In the Business of Changing the World


The very sight of the word inspires a barrage of unwelcome feelings for nonprofit management leaders. Because they are left in the ugly middle ground between promoting the brand and image of their business to profit it’s cause and suffering the disappointment of unmet goals and unscalable social issues, managers wrestle with disbursing grant money and donations appropriately while avoiding crucifixion at the same time. However, criticizing money and fundraisers only propagates the issue and the vicious cycle of blame shifting, and influence on the situation remains elusive.

As I have spoken with spokespeople of various nonprofits in Jacksonville and those involved with managing their image, the financial setbacks or challenges remain a commonality; staying afloat as a business in a consumer-driven culture not only requires the bills and multi-thousand-dollar checks, but also the enthusiasm of enough volunteers to offer manpower and unique opportunities, perspective, and skill that measures up. Making a real impact beyond simply scratching the surface of climbing social issues should persist as the motivation of a benefactor’s donation; however, the simple-minded, selfish mission of a culture that contends for instant gratification limits the progress and potential of nonprofit visionaries.

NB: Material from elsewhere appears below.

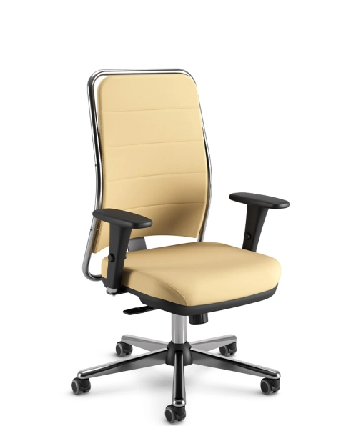 Modelos giratórios com Braços Reguláveis SL, SL New PU, SL New PP. Mecanismo Syncron de 4 estágios. Opções de Bases em Alumínio ou Nylon, com rodízios de 65mm em Nylon ou PU. Assento em espuma injetada com Regulagem de Altura à Gás.

In a remarkable TEDtalks, Dan Palotta, talks about his struggles with his own change-driven nonprofit organization and the unconventional ideals he wishes society would adopt; in his presentation, he

“calls out the double standard that drives our broken relationship to charities. Too many nonprofits, he says, are rewarded for how little they spend — not for what they get done. Instead of equating frugality with morality, he asks us to start rewarding charities for their big goals and big accomplishments (even if that comes with big expenses). In this bold talk, he says: Let’s change the way we think about changing the world.”

In another TEDtalks, Melinda Gates argues that nonprofit charities should behave more like Coca Cola, mirroring their campaigns appealing to trends and “wants” instead of focusing on needs. The presentation summary on TED talks outlines her speech:

“she makes a provocative case for nonprofits taking a cue from corporations such as Coca-Cola, whose plugged-in, global network of marketers and distributors ensures that every remote village wants — and can get — a Coke. Why shouldn’t this work for condoms, sanitation, vaccinations too?”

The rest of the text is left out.